While it can be easy to discount some mild bleeding when you brush your teeth, this should be taken note of and treated as an important concern. One of the first signs of gum disease, bleeding after brushing tends to indicate the presence of gingivitis, a mild form of gum disease. As soon as you notice bleeding while brushing, you should consult with experienced periodontists as soon as possible, or your condition could escalate into something more serious.

Triggered by bacterial buildup, this infection can travel below your gum line. Once it reaches the bone structure, it becomes periodontitis, which is a more advanced form of gum disease. If left untreated, gum disease could raise your risk of heart disease, diabetes, pneumonia, osteoporosis and even cancer.

Common Symptoms

Aside from bleeding in your mouth, there are other signs and symptoms to watch out for that will indicate you have gum disease, such as:

  1. Swollen and/or inflamed gums – Inflammation along the gum line is typically the first symptom of a gum problem.

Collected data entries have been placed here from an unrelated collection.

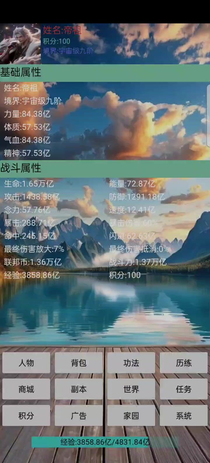 先看广告买倍率,经验和金钱,然后看任务,跟着做给初始资金,前期跟着任务刷经验副本,会给启动资金的,到中期任务的启动资金不够了,我们就自己刷经验副本,一件装备等于一张门票,出四件就是赚三次经验副本门票,然后就这样循环刷,一天就到宇宙九阶了。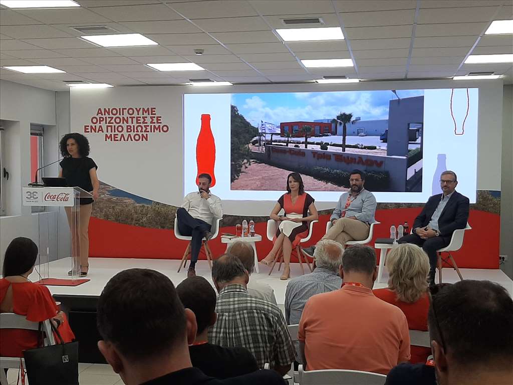 Στην εκδήλωση που έλαβε χώρα στη μονάδα παραγωγής της Coca-Cola στην ΒΙΠΕ Ηρακλείου με σύνθημα «Ανοίγουμε ορίζοντες σ’ ένα πιο βιώσιμο μέλλον-Επιστρέφουμε αξία στην Κρήτη», μίλησαν οι: Μαρία Αναργύρου-Νίκολιτς, γενική διευθύντρια Coca-Cola Τρία Εψιλον Ελλάδα & Κύπρο, Σταύρος Μουρελάτος γενικός διευθυντής Coca Cola Hellas, Βαγγέλης Κωνσταντιανός εκτελεστικός γραμματέας Global Water Partnership-Mediterranean ενώ ακολούθησε ξενάγηση στον χώρο του εργοστασίου.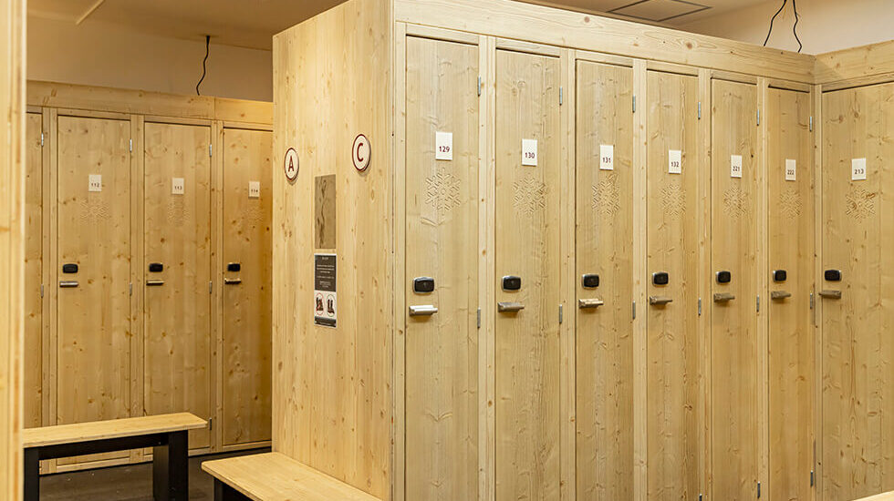 ゲレンデ直結のロッカー。ブーツを乾かす温風設備も

If your gums are tender or painful, it means that they’re inflamed.
  2. Bad breath – Your mouth is the perfect home for bacteria, because it’s warm and moist. The plaque found in your teeth is also food for them, so the more plaque your mouth has, the more bacteria it hosts. Bacteria produce toxins that give off a foul smell, so if you have bad breath, it could signal a possible gum problem/infection.
  3. Shrinking gums – Gum recession is one of the leading signs of gum disease. If you notice your teeth looking a lot longer than they used to, it doesn’t mean they’re growing. It only means you have shrinking/receding gums.
  4. Sensitivity – If drinking a cold or hot beverage causes pain in your teeth, it could be a symptom of periodontal or gum disease. When the sensitive part of the tooth (known as dentin) is exposed, it makes the tooth sensitive to extreme temperatures.
  5. Loose tooth – When gum disease is not treated right away, the infection can attack the bone structure that keeps your tooth in place, causing it to become loose.

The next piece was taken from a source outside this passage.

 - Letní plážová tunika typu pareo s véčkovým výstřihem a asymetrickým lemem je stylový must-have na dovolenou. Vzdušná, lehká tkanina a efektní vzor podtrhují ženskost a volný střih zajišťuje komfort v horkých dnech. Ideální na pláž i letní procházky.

How is Gum Disease Treated?

Treatment varies depending on the severity of the condition. Your dentist will need to assess your mouth, teeth and gums before a treatment will be recommended. For the most part, dentists would perform one or several of these procedures:

  1. Deep cleaning – For mild to moderate gum disease, dentists usually perform deep cleaning, which is basically a procedure that cleans not only the areas above the gum line but also below it. They will treat you with scaling, which scrapes off tartar below and above your gum line. Root planning may also be necessary, which involves polishing the rough surfaces of the tooth root.
  2. Medication – Your dentist may prescribe antibiotics, enzyme suppressants and/or antiseptics to help eliminate any remaining bacteria in your mouth.
  3. Surgery – In some moderate to severe cases of gum disease, surgery may be necessary. There are several procedures available, including gum graft surgery and flap surgery. With a gum graft, tissue from another area of your mouth is taken to cover any exposed tooth root so that decay or bone loss can be prevented. With flap surgery, the surgeon will lift the gum tissue to remove tartar deeply embedded in the gum line, stitch back the gum and then tighten it to avoid tartar from getting inside.

Gum disease can have some dire effects on your health, self esteem and well-being. The best way to avoid it is by practicing good oral hygiene and to see your dentist regularly, so that any potential problem can be diagnosed and treated as early as possible.